The Peculiar People were a Christian movement that was originally an offshoot of the Wesleyan denomination, founded in 1838 in Rochford, Essex, by James Banyard, a farm-worker's son born in 1800. They derive their name from a term of praise found in both the Old Testament and the New Testament of the King James Bible, in Deuteronomy and 1 Peter.

In the King James Version of the Bible, first published in 1611, Deuteronomy 14:2 includes the verse "For thou art an holy people unto the Lord thy God, and the Lord hath chosen thee to be a peculiar people unto himself, above all the nations that are upon the earth.", and 1 Peter 2:9 reads "But ye are a chosen generation, a royal priesthood, an holy nation, a peculiar people; that ye should shew forth the praises of him who hath called you out of darkness into his marvellous light."

The Peculiar People is also a phrase used to describe the Quakers, which they adopted with some pride.

Foundation and spread

Banyard was frequently drunk until his wife asked him to attend a service in the local Wesleyan Methodist chapel. The preacher's message had a profound effect on Banyard, to the extent that he became teetotal and regularly attended the church. Before long he became a reputable preacher on the Wesleyan circuit. In 1837 he and William Bridges took a lease on an old workhouse at Rochford which became the first chapel of their new group, which Banyard and Bridges called the Peculiar People, a name taken from Deuteronomy 14:2 and 1 Peter 2:9.

The grave of James Banyard can still be seen in the churchyard of St Andrew's Rochford.

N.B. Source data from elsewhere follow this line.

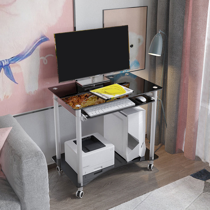 Rectangular Toughened Glass Computer Desk with Caster Wheels and Keyboard Tray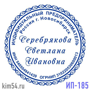 Заказать печать с красивой рамкой ИП-185. Срочное изготовление печати - 15 минут. Обычный срок изготовления - 2 часа. Диаметр печати - 38 мм. В печати ИП обязательно указывается ФИО предпринимателя. ИНН, ОГРНИП указывается по желанию. На основе шаблона...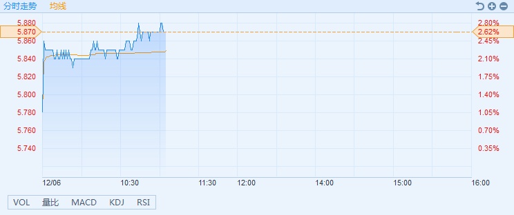 恒指反向杠杆产品,南方一倍看空恒指(07300),截至11时04分,涨2.62%,报5.87港元,成交额达1.97亿。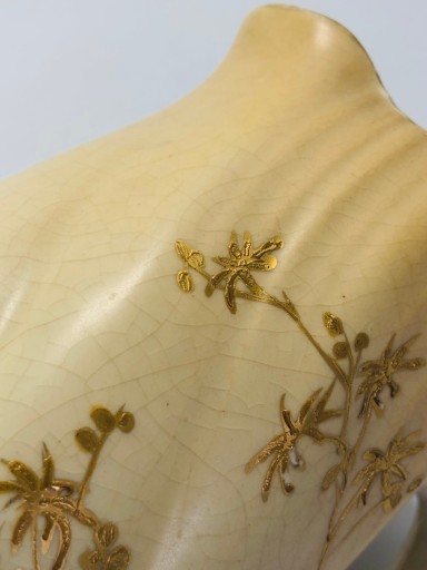 XIX wieczny ceramiczny dzban. Piekna kolorystyka i pozlacane zdobienia - motyw roslinny. Pochodzenie pólnocna Anglia.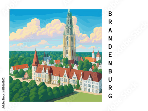 Brandenburg: Vintage artistic travel poster with a German scenic panorama and the title Brandenburg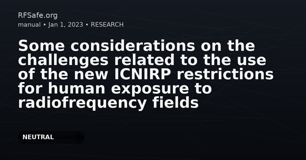 Some considerations on the challenges related to the use of the new ICNIRP restrictions for human exposure to radiofrequency fields Goiceanu C, Danulescu R, Danulescu E. Some considerations on the challenges related to the use of the new ICNIRP restrictions for human exposure to radiofrequency fields. Radiat Prot Dosimetry. 2023 May 24;199(8- 9):818-825. doi: 10.1093/rpd/ncad084. Abstract ICNIRP 2020 guidelines for limiting exposure to radiofrequency fields replace the radiofrequency part of the ICNIRP 1998 guidelines for limiting exposure to time-varying electric, magnetic and electromagnetic fields. Besides setting new restrictions that prevent thermal effect they also took over the 100 kHz to 10 MHz part of the ICNIRP 2010 guidelines for limiting exposure to low-frequency electromagnetic fields, which provides restrictions that prevent nerve stimulation effect. The latest guidelines brought many changes to the system of protection against exposure to radiofrequency fields starting with the physical quantities used to express restrictions and continuing with specific restrictions and new exposure metrics employed. For the first time, the case of brief local exposure to intense radiofrequency fields was accounted by ICNIRP for setting new types of exposure restrictions. All these changes led to more detailed and complex guidelines, but their provisions are more difficult to apply in practice. Our paper presents some of the challenges related to the use in practice of the new ICNIRP restrictions for human exposure to radiofrequency fields. Excerpts In the domain of radio frequencies, two established effects are taken into account for setting exposure restrictions: thermal effect and nerve stimulation effect. To protect against thermal effect, the 2020 guidelines set basic restrictions in terms of Specific Absorption Rate (SAR) assessed as whole-body average (WBA), as well as local SAR in head and torso or in limbs. At frequencies above 6 GHz, basic restrictions were set for local absorbed power density (Sab) to account for heating localized at the surface of the body. These exposure limits have the same values as those used in previous guidelines from 1998, except the local absorbed power density limit that restricts the superficial heating at high frequencies. The new values of basic restriction for power density of 100 W m−2 for occupational exposure and of 20 W m−2 for general public exposure are twice the limit values set by 1998 guidelines. However, the reader should keep in mind that the new restrictions refer to absorbed power density, which is a measure of exposure of the body, while the old restrictions from 1998 concern the incident power density (Sinc) which is a parameter of the external field. The different values of the new basic restrictions are due to the decreased averaging area from 20 to 4 cm2 to match the face of the averaging volume (10 g) of SAR, and, therefore, the new restrictions on power density provide a consistent transition at 6 GHz(8). In addition to previous guidelines, the latest guidelines also included new types of restrictions to protect against brief local exposure to intense fields. For exposures lasting < 6 minutes, basic restrictions in terms of local specific absorption (SA), and absorbed energy density (Uab) were set. Moreover, the new guidelines also take into account the nerve stimulation effect and therefore, restrictions have been taken over from the ICNIRP 2010 guidelines on low-frequency electric and magnetic fields. Basic restrictions for nerve stimulation are expressed in terms of induced electric field strength and limit values are provided for frequencies between 100 kHz and 10 MHz. Conclusions The new ICNIRP 2020 guidelines are more detailed than previous guidelines and cover a wider range of exposure scenarios. New physical quantities and new metrics are used for setting restrictions on different types of exposure. Besides the whole-body exposure, the new radiofrequency guidelines provide reference levels for local exposure and brief intense local exposure. Although the guidelines are more comprehensive, their provisions might confuse the reader due to the complexity of changes, as well as the introduction of some new concepts and quantities that represents a challenge for practitioners who need to perform compliance evaluation. Considering the complexity and novelty of the new guidelines, training of personnel involved in measurement of radiofrequency field levels and evaluating compliance with exposure restrictions is needed. Besides additional information and advice on exposure restrictions and quantities expressing them, aspects related to practical determination of the new quantities or the use of new metrics should be approached. Guidance is needed on different technical issues as measurement of incident power density, especially within the radiative near-field zone, as well as averaging over 4 and 1-cm2 areas. For the determination of the newly introduced quantity, the incident energy density, clarification is needed on methods and equipment to use and how to process the measurement data. Moreover, between 100 kHz and 10 MHz, two sets of reference levels for both, electric and magnetic field strength, one set for thermal effect and the other one for nerve stimulation effect are provided and, consequently, guidance is necessary on the way to apply them. As the authors emphasized, generally one of the two sets of reference levels is more relevant for each electric or magnetic field strength. Further clarification is needed on which of the two types of reference level prevails and should be used when evaluating compliance in real exposure scenarios. The exact manner of measuring or calculating the physical quantities expressing all reference levels needs to be provided by relevant technical bodies. Standardized procedures should also take into account the characteristics of different types of sources and possible exposure scena

In the mid-1850s the Peculiar People spread deeper into Essex, much of which was agricultural land occupied by a naturally conservative population. The Peculiar People preached a puritanical form of Christianity which proved popular, and numerous chapels sprang up throughout rural Essex. They also practised faith healing.

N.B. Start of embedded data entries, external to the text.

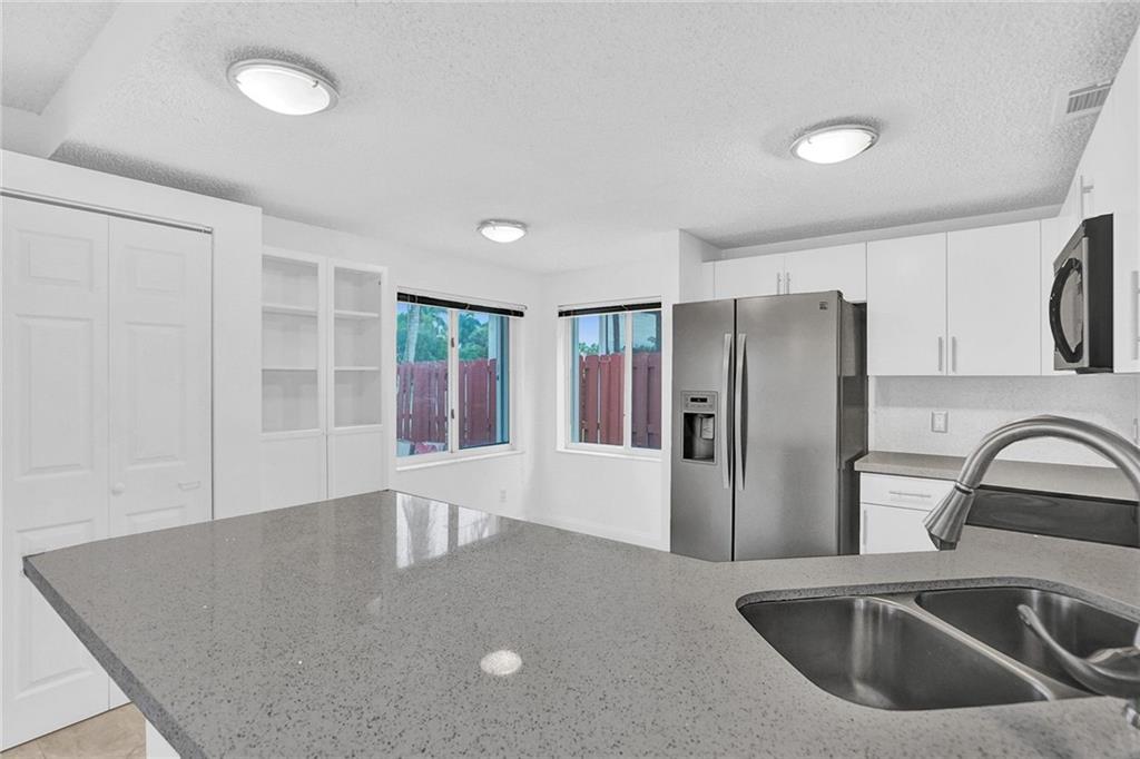 FRESHLY PAINTED 4 BEDROOM 2.5. BATH HOME OFFERS LARGE UPDATED KITCHEN OPEN TO FAMILY ROOM. TILE FLOORS THROUGHOUT. NEWER A/C MASTER BATH HAS TUB & SEPARATE SHOWER. ACCORDION STORM SHUTTERS CROWN MOLDING. 11X30 TILED BACK PATIO. PAVERS IN FRONT. NICE TROPICAL, FENCED PRIVATE BACKYARD!
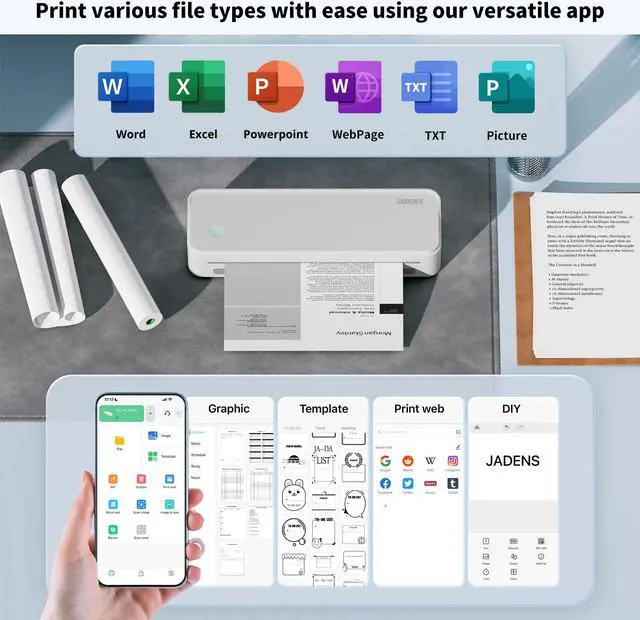 • JADENS Portable Printer & 200 Sheets Thermal Papers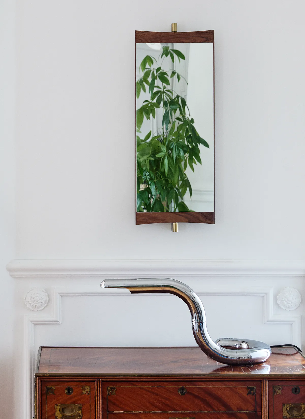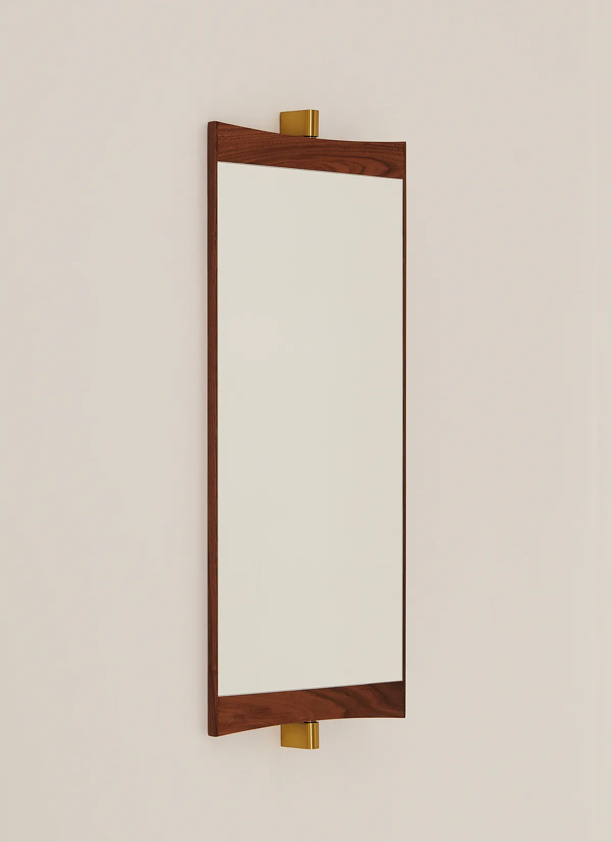 A contemporary echo of the 18th-century vanity-table mirror that gives it its name, the Vanity Mirror Collection is GamFratesi’s second wall-mounted mirror design for GUBI. The collection comprises three variations – with one, two and three mirror panels, respectively. The design’s defining features are its warm walnut veneer and brass hinges. These allow the angle of the mirror to be adjusted, influencing the perspective it offers and the play of the light in the room. On the single-panel Vanity Mirror 1, the hinges permit a 15o rotation, whereas the 180o hinges on the Vanity Mirror 2 and Vanity Mirror 3 allow the panels to fold flat on top of one another, covering the mirror when not in use.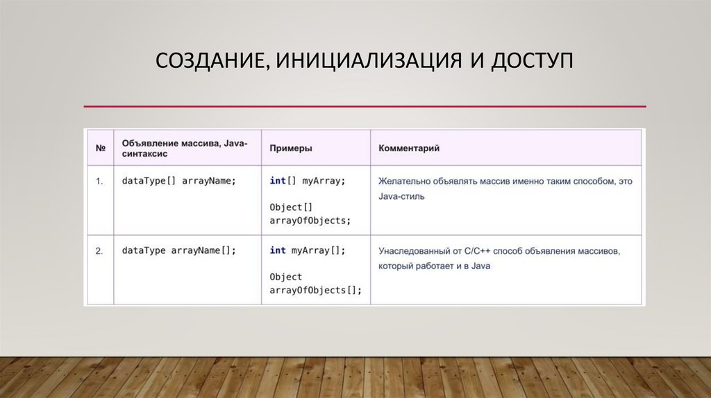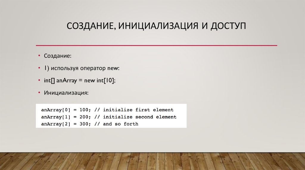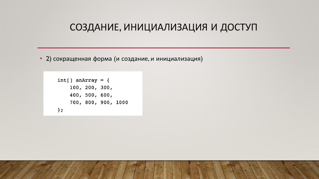 СОЗДАНИЕ, ИНИЦИАЛИЗАЦИЯ И ДОСТУП• 2) сокращенная форма (и создание, и инициализация)

There is an account of the Peculiars in 19th-century Plumstead in Unorthodox London by Charles Maurice Davies. In Blunt's Dictionary of Sects and Heresies (1874), the Peculiars were described as 'a sect of very ignorant people'.

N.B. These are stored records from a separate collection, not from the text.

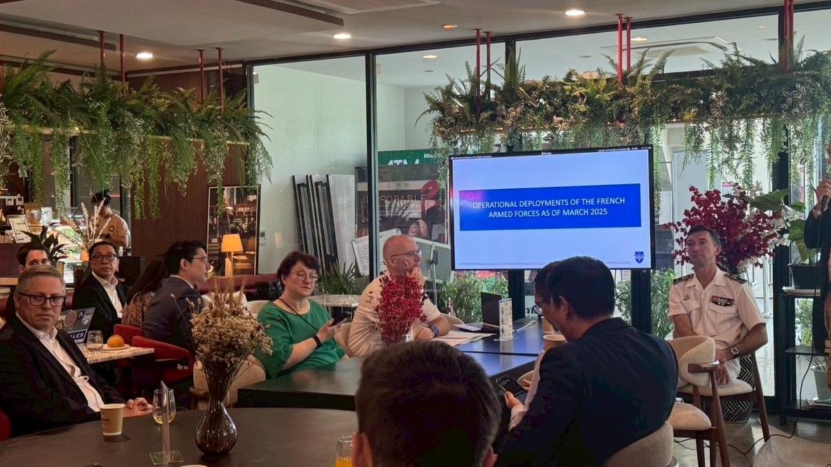 Their insightful presentation highlighted France’s strategic defense approach in the Indo-Pacific, including its defense diplomacy, regular joint exercises, and recent high-profile deployments such as the aircraft carrier mission.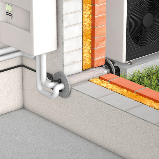 Bei Doymafix HP/O‑S handelt es sich um eine oberirdische Wanddurchführung für Leitungen von Luft/Wasser-Wärmepumpen in Split-Ausführung. Sie verfügt über eine integrierte Wärmedämmung und kann auch für die Leitungseinführung von Klimaanlagen genutzt werden. Die Durchführung eignet sich sowohl für Neubau- als auch für Bestandsgebäude mit unterschiedlichsten Wandaufbauten. Der Einsatz eines Futterrohres ist nur bei innen liegenden Luftdichtheitsebenen erforderlich, ansonsten kann der Einbau direkt in einer Kernbohrung erfolgen. Das geringe Gewicht erleichtert die fachgerechte Installation, eine weitere Montagehilfe ist nicht notwendig. Die Verlegung der Rohre und Kabel kann getrennt erfolgen. Auch Spannungs- und Steuerleitungen werden separat geführt. Die GEG-konforme Durchführung verfügt über geprüfte Luftdichtheit, Schalldämmung und Schlagregendichtheit. Auch die Installation innerhalb des Schutzbereiches bei Wärmepumpen mit R290 ist bedenkenlos möglich.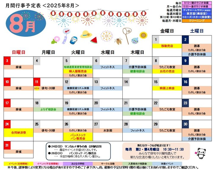 *2025年8月 月間予定表*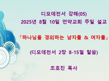 2025년 8월10일 언약교회 주일예배 설교입니다 제목: 『하나님을 경외하는 남자들 & 여자들』 본문: 디모데전서 2장 8-15절 말씀

The Peculiar People practised a lively form of worship and considered themselves bound by the literal interpretation of the King James Bible. They did not seek immediate medical care in cases of sickness, instead relying on prayer as an act of faith. This led to judicial criticism when children died due to lack of treatment. In response to the concern about refusing medical care, which led to some parents being imprisoned after a 1910 diphtheria outbreak in Essex, the sect split between the 'Old Peculiars', who still rebuffed medicine, and the 'New Peculiars', who somewhat reluctantly condoned it. The split healed in the 1930s, when in general the New Peculiar position prevailed. During the two world wars, some Peculiar People were conscientious objectors, believing as they still do that war is contrary to the teachings of Jesus Christ.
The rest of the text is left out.